Vor allem in der ÖVP gibt es viele, die sagen: Alles, nur nicht große
Koalition. Natürlich steckt da viel taktisches Kalkül dahinter. Es
geht vorrangig darum, bei Werner Faymann den Preis für eine
Zusammenarbeit in die Höhe zu treiben. Das kann die ÖVP gut: Wahlen
verlieren und großmotzig Bedingungen stellen. Es geht aber auch um
ehrliche Ablehnung und Abneigung. Und es geht um ganz konkrete
inhaltliche Differenzen, die jetzt auch im Wahlkampf gut sichtbar
geworden sind und sich nicht wegplaudern lassen.
Anders als die SPÖ hat die ÖVP tatsächlich mehrere Optionen. Der
Nachteil: Wie man es dreht und wendet, es wäre die FPÖ dabei.

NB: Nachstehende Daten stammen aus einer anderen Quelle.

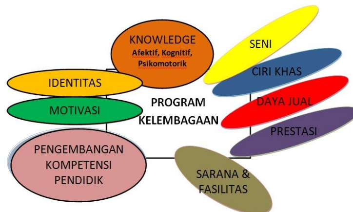
Gambar. 1. Konstelasi Urgensi Dalam Fasilitasi Program Kelembagaan Dan Pembelajaran Jenjang Sekolah Dasar

Dalam mendesain suatu Manajemen berbasis sekolah, misalnya dalam aspek program sekolah, seyogyanya kepala sekolah beserta dengan warga sekolah dan melibatkan unsur masyarakat (komite sekolah) mengetahui beberapa prinsip dan analisis dalam rangka merencanakan program sekolah berbasis MBS, khususnya di sekolah Dasar (Iskak, 2018; Ramdan et al., 2019) yaitu, (1) desain dan aplikasi perumusan program kelembagaan institusi sekolah dasar, dalam menyusun program sekolah atau kelembagaan seyogyanya, warga sekolah meliputi Pendidik dan Tenaga Kependidikan harus mempertimbangkan dan menyelaraskan dengan standar nasional pendidikan, kurikulum, tujuan dan evaluasi pembelajaran, guna menjadikan program yang disusun menjadi relevan dan dapat diterapkan dan dirasakan langsung manfaatnya. (2) Mekanisme penyusunan program kelembagaan pada jenjang Sekolah Dasar, dalam menyusun program kelembagaan sekolah, seyogyanya harus memahami dan mempertimbangkan beberapa hal yang ikut menentukan keberhasilan suatu program yang akan dilaksanakan, yakni tujuan nasional, standar nasional pendidikan, faktor pendidik, tenaga kependidikan, kurikulum, dan kebijakan sekolah. (3) Evaluasi program kelembagaan, dalam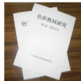
配布資料：色彩教材研究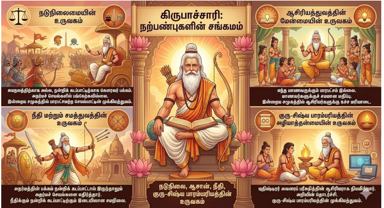
படம் 6: கிருபாச்சாரி – தற்காலச் சமூகத்தில் நான்கு உருவகங்கள்

கிருபாச்சாரி குரு-சிஷ்ய பாரம்பரியத்தின் அழியாதன்மையின் உருவகமாகவும் விளங்குகிறார். போரின் முடிவில், யுதிஷ்டிரர் அவரைப் பரிசுஷித்தின் ஆசிரியராக நியமித்தார். இன்றைய சமூகத்தில், அறிவின் தொடர்ச்சி, குரு-சிஷ்ய பாரம்பரியத்தின் முக்கியத்துவத்தை இக்கதை வலியுறுத்துகிறது.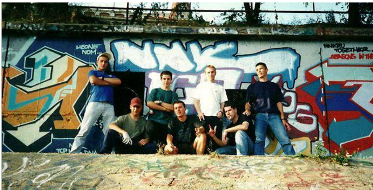
Obrázek 4: NNK crew (Nejvíc našťvaní kluci)

Zdroj: Martina Overstreet, In graffiti we trust, Praha 2006, s. 65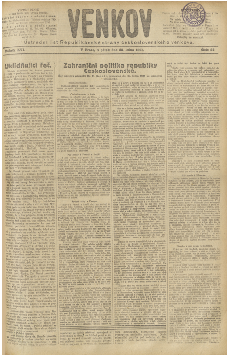
Titulní list raníku Venkov (knihovna FSV UK)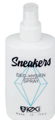
Formato: 200ml Format: 200ml

HOW TO USE: Spray inside the shoe and leave to dry well.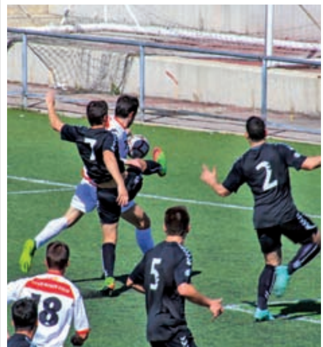
Una jugada del partido del Colmenar y el Torreldones

Por otro lado, el rival al que se enfrentará el Tres Cantos, el Atlético de Pinto, está décimo en la tabla, con 38 puntos, tras perder la pasada jornada 2-3 contra el Vicálvaro. No obstante, no parece un oponente accesible para los del Norte de Madrid, ya que suma 10 victorias esta temporada, frente a las tres logradas por el Tres Cantos.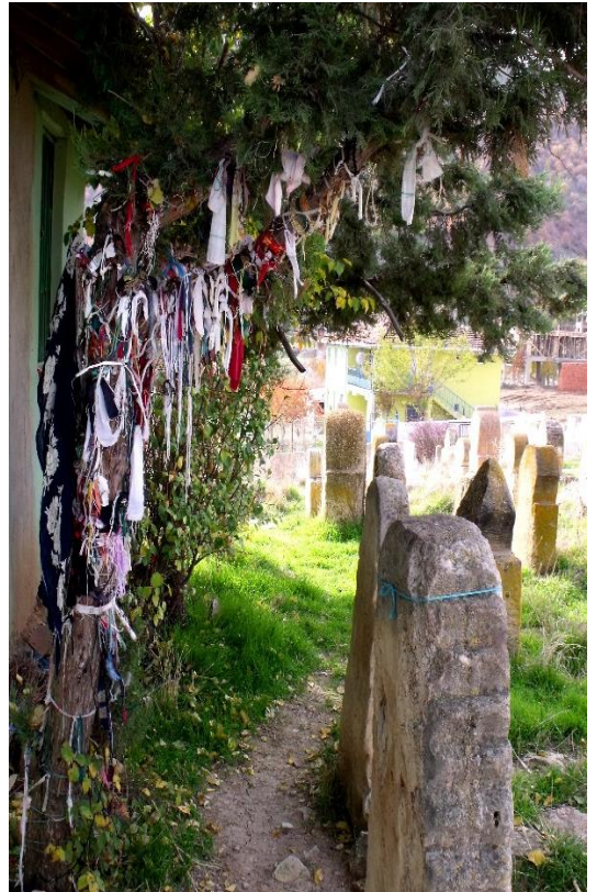
Foto10. Bir Halk Kültürü Unsuru Olarak Kurdelenin Adak Olarak Kullanıldığı Alanlar (Tokat, Zile Acısu Köyü)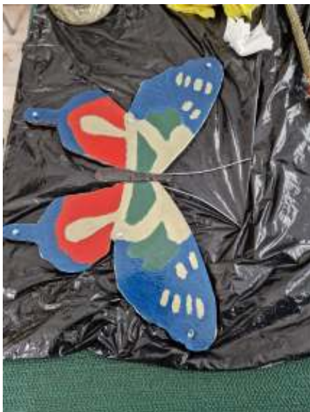
Een van de vlinders van Ronald, ingekleurd door de schilderclub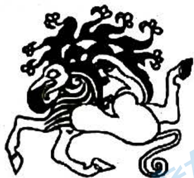
图1 出土于南西伯利亚地区 (前 5-4 世纪)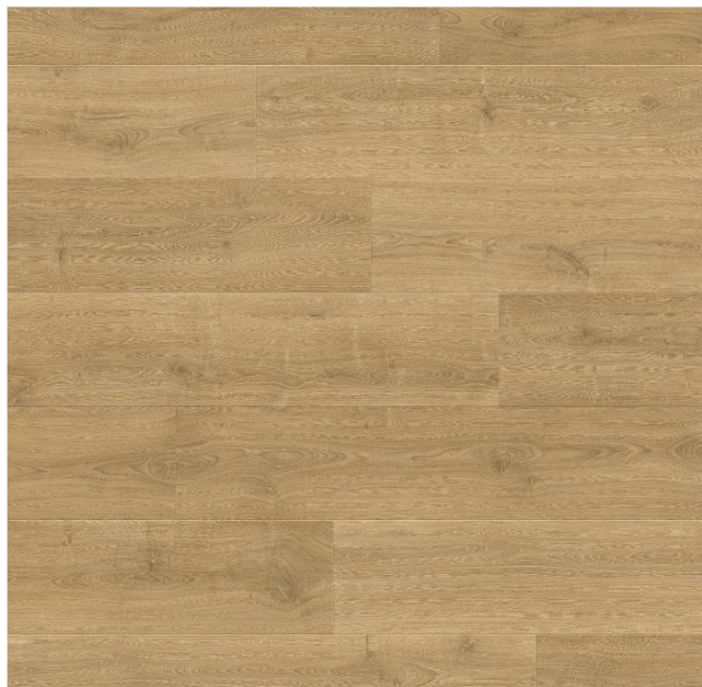
Kolor podłogi- kolor żaluzji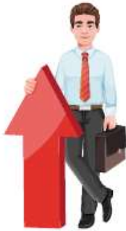
hombre de negocios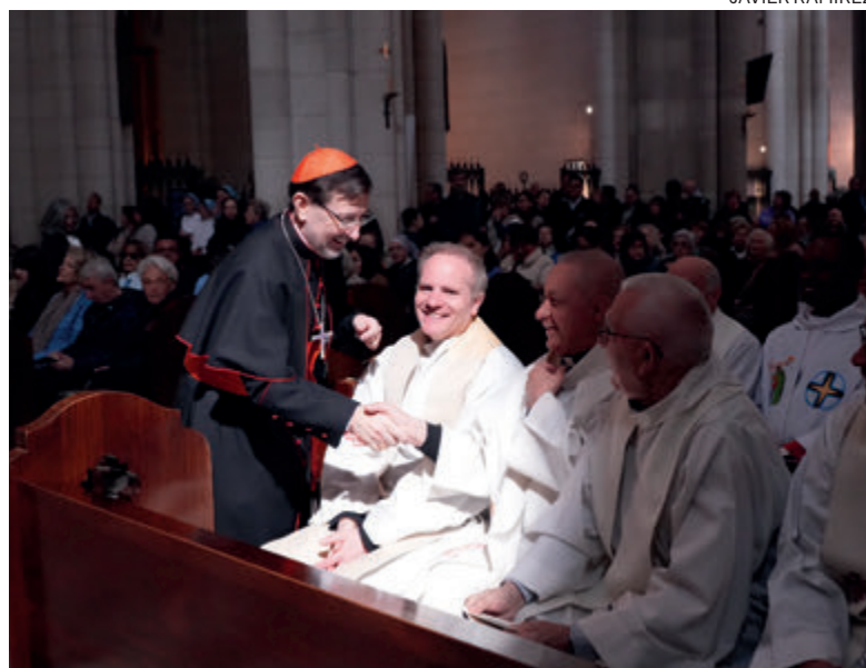
↑ A la Misa acudieron más de un millar de sacerdotes.

nes provocan todas esas situaciones, los victimarios». Y todo ello «en unión con Cristo, quien en la cruz hace carne el dolor de todas las víctimas», pero que luego resucita; un hecho que la archidiócesis celebrará el próximo sábado 4 de abril, a partir de las 22:00 horas, en la catedral de Santa María la Real de la Almudena. ●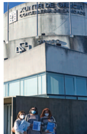
SAE presentó sus alegaciones.

Otros sindicatos apoyan el plan de A.P. sin tener en cuenta ni la incorporación del TCE ni el aumento de profesionales de esta categoría. Confiamos, no obstante, en que la nueva regulación de la Atención Primaria en Galicia tenga en cuenta el papel fundamental e indispensable que tienen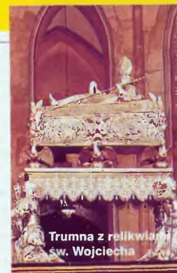
Trumna z relikwiami św. Wojciecha

Św. Wojciech, syn bogatego możnowładcy czeskiego, był zakonnikiem i misjonarzem. Służbę duszpasterską pełnił w prawie całej Europie. Nawracał pogan, troszczył się o najsłabszych. Kiedy w 994 roku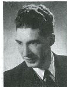
Programma De fluwelen handschoen

Op dinsdag 11 maart 1938, werd de regisseur van ons Koninklijk Tonelgezelschap vereenruikt met de Zilveren Medaille der Koninkrijke en 2de Klasse en de Kroon op de borst van de 23ste eeuw van de Heer G. Deleyn op de borst in "Luzen". Een half eeuwenlang van succesvolle, gelukkig en medevastigheid. Als we gekomen zijn naar de wereld, met de taal van Koninkrijken speelde in een wereld, dat mag hij daar het eveneens met de wereld van op dien. Onze best kachten van de wereld daar het, van de punt al, speelde in de wereld van de wereld. We zijn van de wereld met het wereld, van het wereld van de aan toe, gelukkig en succesvolle, gelukkig met de van de wereld van de wereld van de wereld van de wereld. Pogen dankt het op dit 11 maart van de wereld van de alle leden, de van dit 11 maart van de wereld van de wereld.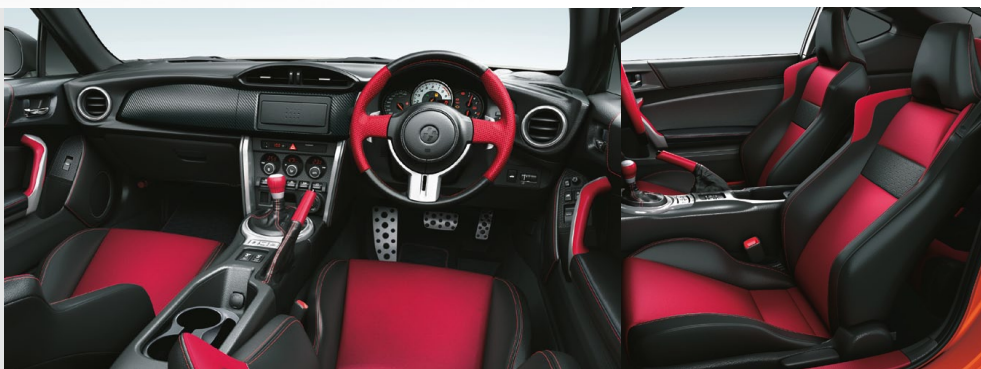
Photo:GT“Limited”(6AT)。ボディカラーはオレンジメタリック(H8R)。内装色のレッドはご注文時に指定が必要です。指定がない場合、内装色はブラックになります。オーディオレスカバー(1,296円)は販売店オプション(取付費が別途必要です)。

Und das
ist auch den meisten in der ÖVP zu ungustiös, rein inhaltlich
betrachtet. Dass es jetzt auch Stimmen in der ÖVP gibt, die ernsthaft
eine Zweierkoalition mit den Grünen oder den Neos vorschlagen, macht
sie zwar sympathisch, spricht aber nicht für deren politischen
Scharfsinn. Das geht sich nicht aus. Daran mag man auch den Grad der
Verzweiflung messen: Die Aussicht, wieder mit einem Kanzler Werner
Faymann, dem es nur um den Machterhalt geht, zusammenarbeiten und den
Stillstand aufteilen zu müssen, ist für viele Schwarze geradezu
schmerzhaft.
Die Rolle des Zweiten ist undankbar und führt mit Sicherheit zu einer
noch größeren Fluktuation jener Menschen, die sich noch mit der ÖVP
identifizieren können: Als Regierungsbeiwagerl ist man entweder der
Ja-Sager oder der Nein-Sager. Beide Rollen sind nicht sonderlich
sympathisch.
Michael Spindelegger - oder eher noch sein Nachfolger - müsste eine
neue Partnerschaft erfinden, die tatsächlich Reformen erzwingt und
nicht wieder im Nachhinein die selbst vergebenen Chancen bejammert.
Dazu gehört auch eine umfassende personelle Erneuerung.
Und ja, es braucht ziemlich sicher auch einen dritten Partner. Neos
oder Grüne. Nicht, obwohl es schwierig ist. Sondern gerade deswegen.